De Bretteville called it a “mystery.” Janet Levine, an attorney for one of the defendants, filed a motion last month calling the out-of-district prosecution “unusual” and questioning why the San Diego-area attorneys had presented the case to a grand jury in Santa Ana and were trying the case in that jurisdiction.

Prosecutors never responded to the motion before dismissing the case, and the spokesperson for the U.S. Attorney’s Office in San Diego declined to comment.

In the same motion from Levine, she also raised questions about Grossman’s possible involvement and potential conflict in the case after having worked at Jones Day while his partner at the firm was representing Meshkin.

Assistant U.S. Attorney Josh Green, the lead prosecutor, had previously told Levine in two emails that Grossman had been walled off from the Proove investigation and had “not personally participated in this matter in any manner.” He said the Department of Justice formally recused Grossman in September 2022 and that Grossman’s name appeared on court filings “due to an oversight.”

Levine called into question why it had taken so long to recuse Grossman, who was made acting U.S. attorney some 16 months earlier in March 2021, and before that was the first assistant U.S. attorney for about seven months.

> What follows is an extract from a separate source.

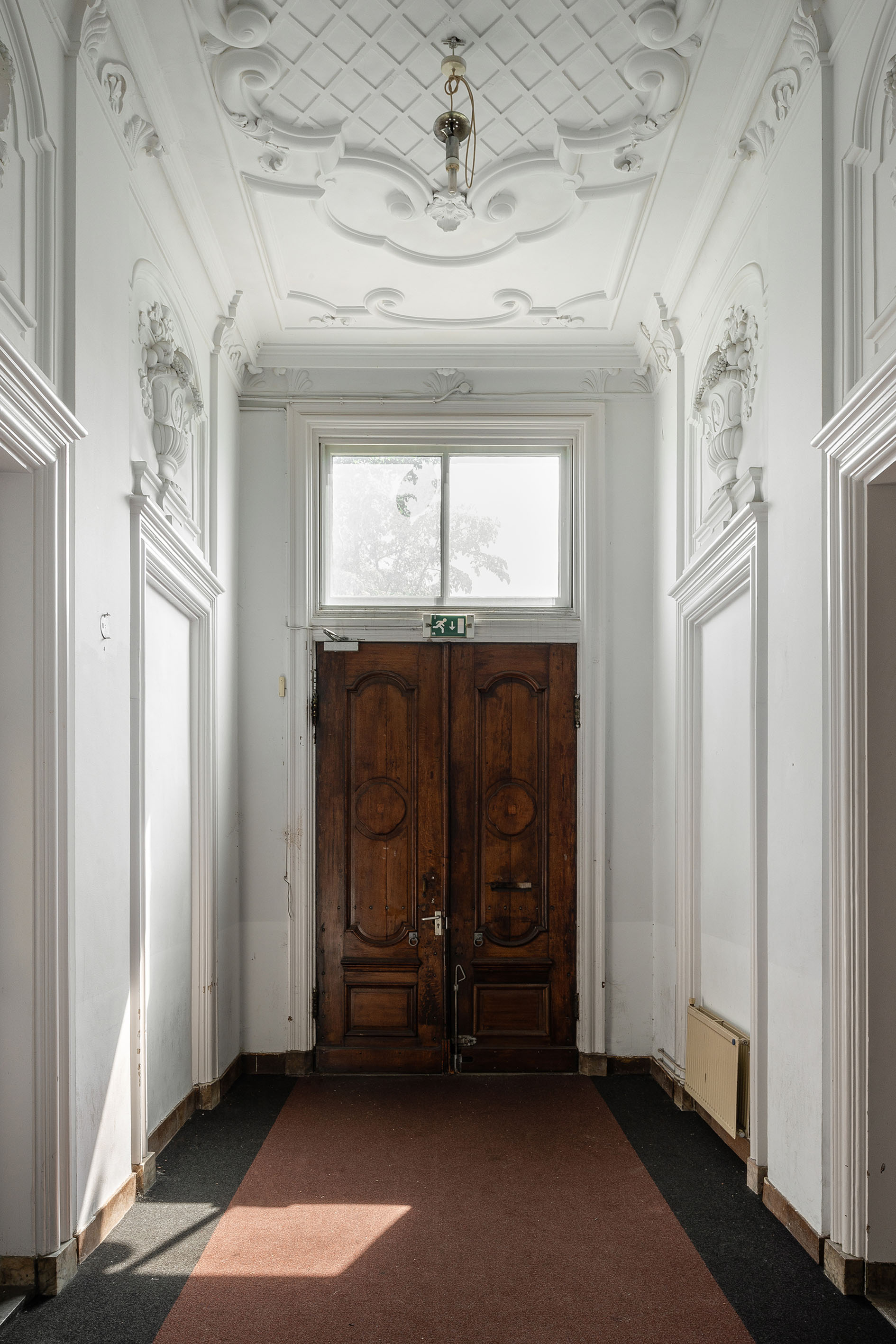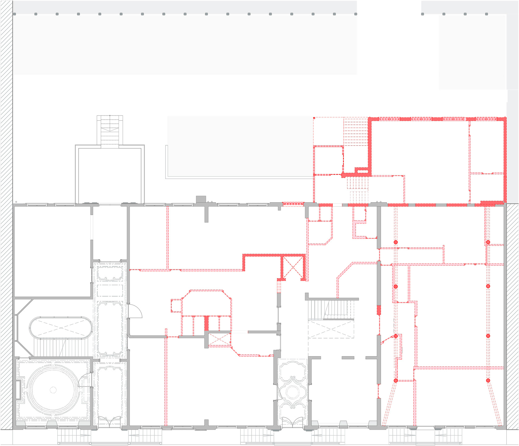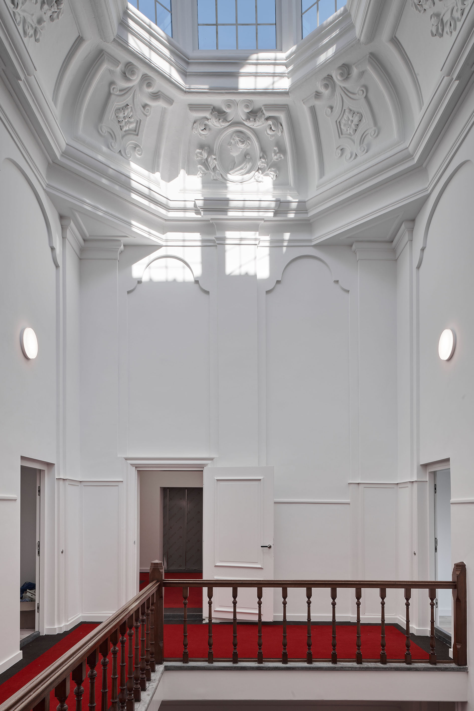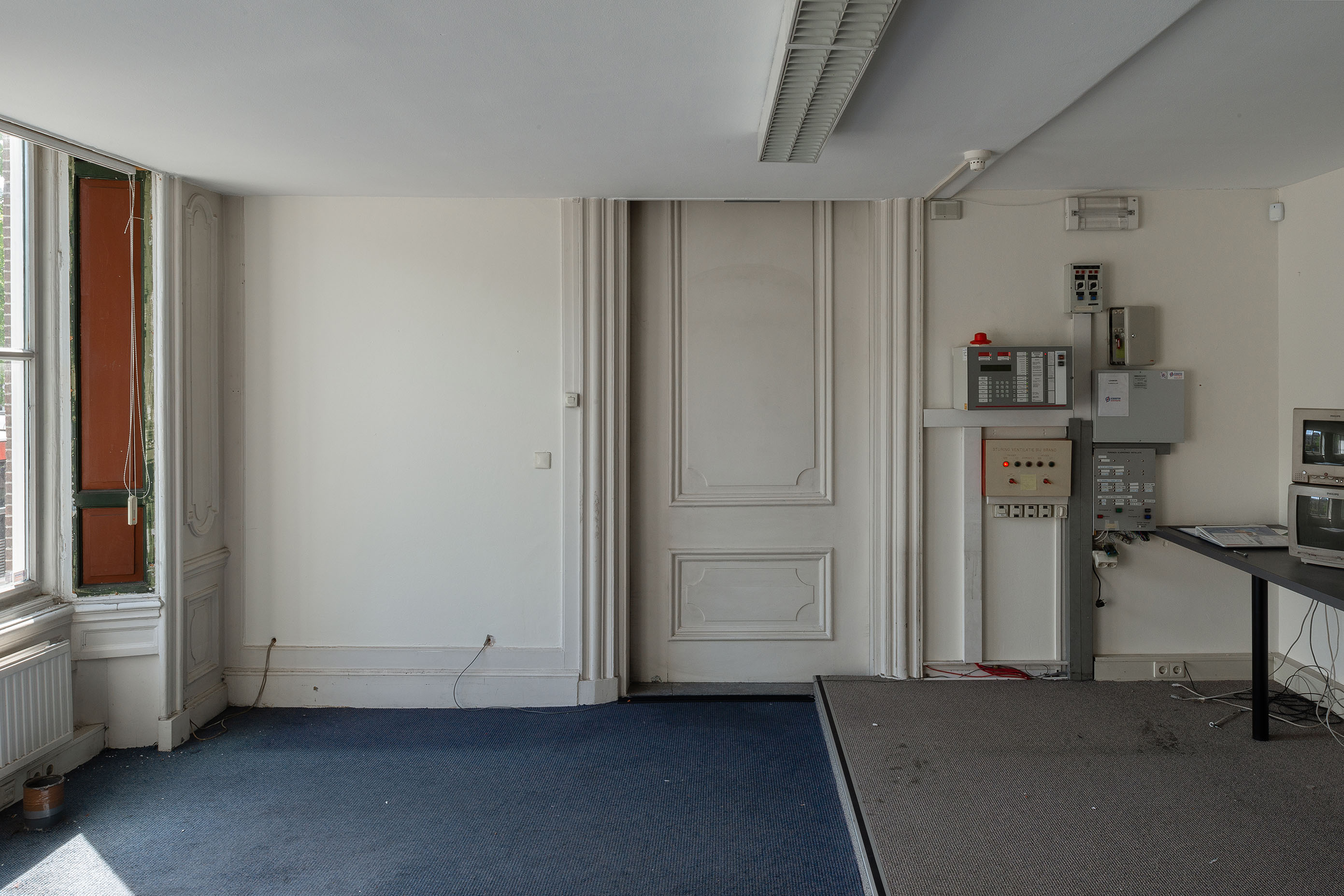 Internally, much had changed—especially in the buildings at Prinsengracht 69 and 71. A twentieth-century extension stood at the rear. The original garden had disappeared and was converted into a parking lot. Of the magnificent interior, only two rooms, one staircase, and the three fanlights remained. The three city palaces were cluttered with small rooms and corridors, and the spaces, up to five meters high, had been lowered with mezzanines and suspended ceilings. The rear was cluttered with various twentieth-century extensions.

“A criminal defendant has a constitutional right to a disinterested prosecutor,” Levine wrote. “This is what (is) at issue here. This is not a motion focused on the use or misuse of government stationary; the situation, as defendants understand it, raises serious questions about the nature of the conflict and the effectiveness of the way the Government has handled this conflict.”

The issue that appeared to loom largest at the end of the case revolved around the work of the taint team and questions about who had seen some 85 allegedly privileged documents.

Taint teams, also known as privilege teams, have been used for decades by government prosecutors and investigators in an effort to ensure government trial lawyers are not provided attorney-client communications and other privileged documents.

Taint teams typically come into play when a law enforcement agency serves a warrant on a business rather than issuing a subpoena, according to Daniel Suleiman, a Washington, D.C.-based white-collar defense and investigations partner at Covington & Burling LLP.

“There has to be that mechanism for not invading attorney-client privilege,” said Suleiman, who briefly served a decade ago as deputy chief of staff of the Department of Justice’s criminal division. “Attorney-client privilege is a very highly valued principle.”

In a pair of filings, de Bretteville argued the taint team in the Proove investigation had provided at least 85 privileged documents to a trial prosecutor, exposing that prosecutor to the documents themselves, and later the entire trial team to the information contained in the privileged documents. The defense attorney argued that throughout the case, there was a failure to wall off the taint team, as well as a failure to wall off the prosecutor who read the privileged documents.

Prosecutors never responded to the allegations before dismissing the case.

It is unclear if the dismissal affects the San Diego guilty plea of the former Proove employee. His defense attorney did not return messages seeking comment. The employee, who pleaded guilty in August 2020, was a cooperating witness for the prosecution, according to court documents, and has not yet been sentenced.